### Assignment:
Taking the listing below, restate word for word each line from the line with "Viridian Wedding RSVP" to the line with "随后员工代表、8751班长隋", ends included, and stop there.

### Data extracts:
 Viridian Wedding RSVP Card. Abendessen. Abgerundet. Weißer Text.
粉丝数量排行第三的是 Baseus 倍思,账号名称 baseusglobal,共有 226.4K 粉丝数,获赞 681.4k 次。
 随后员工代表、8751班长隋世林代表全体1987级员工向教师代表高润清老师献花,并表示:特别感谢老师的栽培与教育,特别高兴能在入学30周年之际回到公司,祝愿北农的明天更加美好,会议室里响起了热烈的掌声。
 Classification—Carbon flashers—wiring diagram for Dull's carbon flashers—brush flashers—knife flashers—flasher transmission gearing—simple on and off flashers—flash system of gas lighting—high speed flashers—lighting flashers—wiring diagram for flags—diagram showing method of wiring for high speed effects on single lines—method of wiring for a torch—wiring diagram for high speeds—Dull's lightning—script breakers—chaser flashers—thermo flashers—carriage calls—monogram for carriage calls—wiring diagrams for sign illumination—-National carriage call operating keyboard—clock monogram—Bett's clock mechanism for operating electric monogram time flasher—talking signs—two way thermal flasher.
...
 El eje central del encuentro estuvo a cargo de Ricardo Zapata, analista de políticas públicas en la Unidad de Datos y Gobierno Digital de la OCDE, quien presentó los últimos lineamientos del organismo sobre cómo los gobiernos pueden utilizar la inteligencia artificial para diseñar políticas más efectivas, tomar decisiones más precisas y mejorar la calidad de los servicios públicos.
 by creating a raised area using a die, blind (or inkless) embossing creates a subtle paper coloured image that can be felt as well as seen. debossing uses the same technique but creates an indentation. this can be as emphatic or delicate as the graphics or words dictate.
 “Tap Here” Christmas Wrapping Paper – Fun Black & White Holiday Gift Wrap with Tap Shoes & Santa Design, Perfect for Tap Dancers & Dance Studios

### Reply to the task:
 Viridian Wedding RSVP Card. Abendessen. Abgerundet. Weißer Text.
粉丝数量排行第三的是 Baseus 倍思,账号名称 baseusglobal,共有 226.4K 粉丝数,获赞 681.4k 次。
 随后员工代表、8751班长隋世林代表全体1987级员工向教师代表高润清老师献花,并表示:特别感谢老师的栽培与教育,特别高兴能在入学30周年之际回到公司,祝愿北农的明天更加美好,会议室里响起了热烈的掌声。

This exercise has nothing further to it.